____ Dataset extract
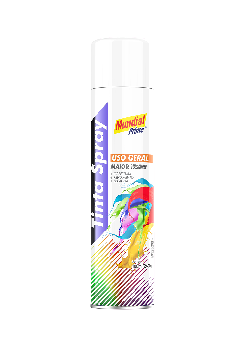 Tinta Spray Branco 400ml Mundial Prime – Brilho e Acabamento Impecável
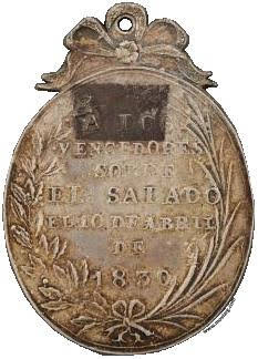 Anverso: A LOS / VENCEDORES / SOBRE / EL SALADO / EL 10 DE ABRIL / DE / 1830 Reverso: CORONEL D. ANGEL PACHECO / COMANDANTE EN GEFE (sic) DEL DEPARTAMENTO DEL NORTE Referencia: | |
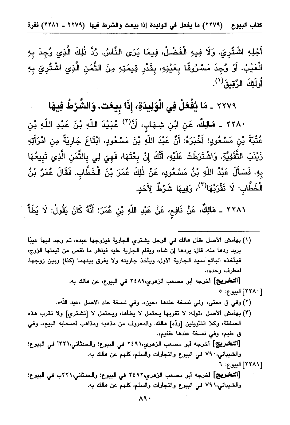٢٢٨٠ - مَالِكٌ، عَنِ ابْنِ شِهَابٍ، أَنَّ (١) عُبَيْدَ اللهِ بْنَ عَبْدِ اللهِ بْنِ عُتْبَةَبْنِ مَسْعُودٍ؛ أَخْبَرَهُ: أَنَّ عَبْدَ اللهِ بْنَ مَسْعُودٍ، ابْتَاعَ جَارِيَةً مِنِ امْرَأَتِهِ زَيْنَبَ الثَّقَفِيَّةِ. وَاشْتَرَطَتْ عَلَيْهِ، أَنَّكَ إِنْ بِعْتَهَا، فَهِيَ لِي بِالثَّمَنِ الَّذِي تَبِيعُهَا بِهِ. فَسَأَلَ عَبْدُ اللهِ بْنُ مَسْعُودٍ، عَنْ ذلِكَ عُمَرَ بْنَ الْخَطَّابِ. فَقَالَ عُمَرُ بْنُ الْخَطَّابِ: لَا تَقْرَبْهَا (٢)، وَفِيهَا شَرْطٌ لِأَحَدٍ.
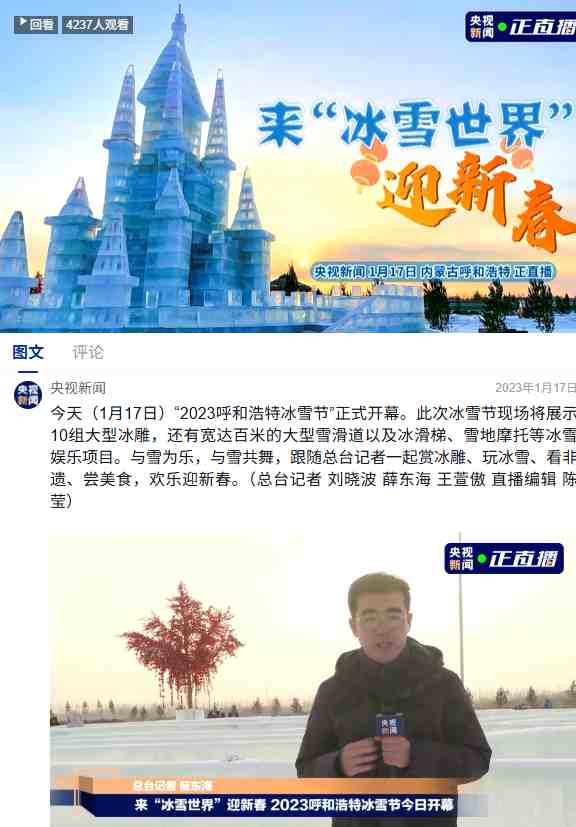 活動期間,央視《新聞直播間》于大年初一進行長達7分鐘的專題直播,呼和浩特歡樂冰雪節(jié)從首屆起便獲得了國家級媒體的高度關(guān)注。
________
What is needed is a word-for-word copy of the lines from the start of the data to the line with "٢٢٨٠ - مَالِكٌ،", inclusive, with no pictures in it.

 Tinta Spray Branco 400ml Mundial Prime – Brilho e Acabamento Impecável
 Anverso: A LOS / VENCEDORES / SOBRE / EL SALADO / EL 10 DE ABRIL / DE / 1830 Reverso: CORONEL D. ANGEL PACHECO / COMANDANTE EN GEFE (sic) DEL DEPARTAMENTO DEL NORTE Referencia: | |
٢٢٨٠ - مَالِكٌ، عَنِ ابْنِ شِهَابٍ، أَنَّ (١) عُبَيْدَ اللهِ بْنَ عَبْدِ اللهِ بْنِ عُتْبَةَبْنِ مَسْعُودٍ؛ أَخْبَرَهُ: أَنَّ عَبْدَ اللهِ بْنَ مَسْعُودٍ، ابْتَاعَ جَارِيَةً مِنِ امْرَأَتِهِ زَيْنَبَ الثَّقَفِيَّةِ. وَاشْتَرَطَتْ عَلَيْهِ، أَنَّكَ إِنْ بِعْتَهَا، فَهِيَ لِي بِالثَّمَنِ الَّذِي تَبِيعُهَا بِهِ. فَسَأَلَ عَبْدُ اللهِ بْنُ مَسْعُودٍ، عَنْ ذلِكَ عُمَرَ بْنَ الْخَطَّابِ. فَقَالَ عُمَرُ بْنُ الْخَطَّابِ: لَا تَقْرَبْهَا (٢)، وَفِيهَا شَرْطٌ لِأَحَدٍ.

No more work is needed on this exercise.